Por P. Fernando Pascual
Entre quienes estudian los ecosistemas y promueven medidas concretas para conservarlos, aparece un tema estimulante: ¿cómo afrontar la llegada de “especies invasoras”?
Como punto de partida, no resulta del todo fácil definir qué sea una especie invasora.
Inicialmente se podría decir que sería un organismo viviente (planta, animal, sin excluir formas unicelulares) que llega a un territorio caracterizado por poseer un sistema de convivencia (ecosistema) entre las especies más o menos estable.
Pero esa definición suscita nuevas preguntas: ¿es correcto pensar en los ecosistemas como si fueran estables? ¿No constatamos continuamente cómo las especies se trasladan de un sitio a otro como parte de los mismos procesos naturales del planeta?
Un segundo ámbito de reflexiones surge precisamente cuando constatamos que una especie invasora puede llegar de modo natural, o puede llegar como resultado de acciones humanas.
Así, por ejemplo, a una isla más o menos “estable” en sus equilibrios, puede llegar, movida por fuertes vientos, una semilla de una planta novedosa que va a cambiar todo el panorama de la isla.

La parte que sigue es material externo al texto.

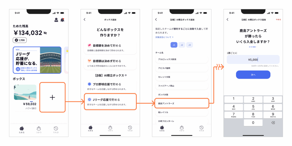 「Jリーグ応援ボックス」の作成は以下の手順で簡単に行うことができます。作成が終わったら、あとは好きなチームが勝利するごとに設定した金額の自動積立が行われます。

Otras veces, la nueva especie llega en un barco, o en la maleta de un pasajero, o simplemente gracias a un excursionista que lleva en sus calcetines una semilla que luego “invadirá” un valle hasta ahora bastante aislado.
Como se ve, una semilla, o un animal, puede llegar e “invadir” un ecosistema de varias maneras. Entonces se hace necesario responder a esta pregunta: ¿hay diferencia si la semilla llega “naturalmente” o si llega como consecuencia de acciones “artificiales” de los humanos?
Un tercer ámbito de reflexiones se fija en un punto clave: ¿es correcto decir que conservar “intacto” un ecosistema sería mejor que alterarlo? En otras palabras, ¿hay motivos para considerar como bueno y justo conservar los ecosistemas, y para considerar como malo e injusto alterarlos?
Responder no sería fácil, precisamente porque a lo largo de la historia de la vida en la tierra, cientos de veces los ecosistemas han cambiado, sea por motivos geológicos (un volcán), climáticos (una sequía o una inundación), sea por la llegada (natural o “artificial”) de especies invasoras.
Plantearnos estas preguntas, y otras parecidas, muestra la complejidad de un tema como el que surge a la hora de tomar decisiones sobre las así llamadas especies invasoras.
Porque en esas decisiones muchas veces surge una extraña tensión entre dos extremos: por un lado, el deseo de respetar cualquier vida “natural”, también la de miembros de especies invasoras; por otro, el deseo de conservar un ecosistema que es considerado (por motivos que pueden variar) bueno y digno de continuar a lo largo de los años.